The Tree-sitter-based compression preserves function/method signatures, class structures, interface/type definitions, imports, and exports. It removes function bodies, loop/conditional internals, and local variable assignments. There is no way to selectively keep or remove specific categories — it is all-or-nothing.

Note: Compression is marked as experimental by the Repomix team and may gain more granular controls in the future. See Feature Request #561 and #516 for open discussions on selective compression.

Pro Tips for Compression

  • Selective inclusion: Use --include to compress only certain directories while leaving others out entirely, rather than trying to control what the compressor keeps.
  • Combine with other reductions: --compress --remove-comments --remove-empty-lines stacks all three for maximum token reduction.

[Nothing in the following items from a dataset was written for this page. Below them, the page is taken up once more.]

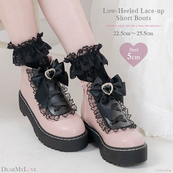 デザインは安定の可愛さ、レースアップやリボン、ビジューがポイントです。ヒール縁のステッチがアクセントになっています。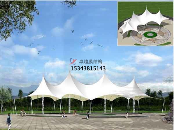 1、我公司在膜結(jié)構(gòu)建筑方面已有10年之久,這種結(jié)構(gòu)應(yīng)用廣泛,膜結(jié)構(gòu)車棚、看臺(tái)、收費(fèi)棚、球場(chǎng)、通道或入口、公園景觀小品、甚至能作污水池加蓋除臭及沼氣池儲(chǔ)氣罐之用。 可以滿足客戶的各種需求,從設(shè)計(jì)、施工、加工、安裝融為一體的專業(yè)性廠家。下面我給大家簡(jiǎn)單介紹下我公司在銅仁地區(qū)完成的一批膜結(jié)構(gòu)景觀小品案例,卓越公司在銅仁周邊完成了銅仁太平洋商業(yè)廣場(chǎng)膜結(jié)構(gòu)景觀、銅仁三江公園景觀小品、仁山文化主題公園膜結(jié)構(gòu)景觀小品的設(shè)計(jì)施工,詳情如下: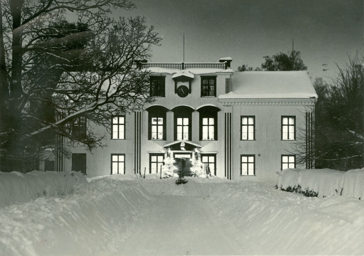 Bostadshus omgivet av snö, med frontespis och putsad fasad.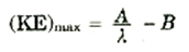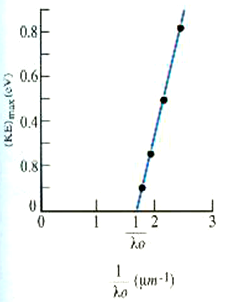 وتتبدى لنا نتيجة مهمة عندما نقيس V0 المناظرة لأطوال موجية ساقطة مختلفة فعندما نرسم العلاقة بين (KE)max مع 1/λ ، تكون النتيجة خطأ مستقيماً، كما هو موضح بالشكل (3). أضف إلى ذلك، أن قيمة λ التي تصبح عندها (KE)max صفراً هي الطول الموجي المشرفي 0λ. وتصبح معادلة الخط المستقيم = mx + vλ، في هذه الحالة:

Full Configuration Template

This configuration combines compression with layered ignore rules to ensure the AI receives a structural overview while skipping irrelevant files. Save as repomix.config.json in your project root:

{
  "$schema": "https://repomix.com/schemas/latest/schema.json",
  "output": {
    "filePath": "packed-codebase.xml",
    "style": "xml",
    "compress": true,
    "removeComments": true,
    "removeEmptyLines": true,
    "showLineNumbers": false,
    "topFilesLength": 10
  },
  "ignore": {
    "useGitignore": true,
    "useDefaultPatterns": true,
    "customPatterns": [
      "**/tests/**",
      "**/docs/**",
      "package-lock.json",
      "yarn.lock",
      "*.log",
      "dist/**/*",
      "build/**/*"
    ]
  },
  "security": {
    "enableSecurityCheck": true
  }
}

Why This Setup Works

  • Layered Filtering: Respects your .gitignore and built-in defaults (like node_modules), while customPatterns lets you prune project-specific noise like lockfiles or test suites.
  • Structural Compression: With compress: true, the AI sees the entire project structure and API surface without wasting tokens on the actual logic inside functions.
  • Security Built-in: The enableSecurityCheck ensures Secretlint runs automatically to prevent accidental exposure of API keys or credentials in the packed file.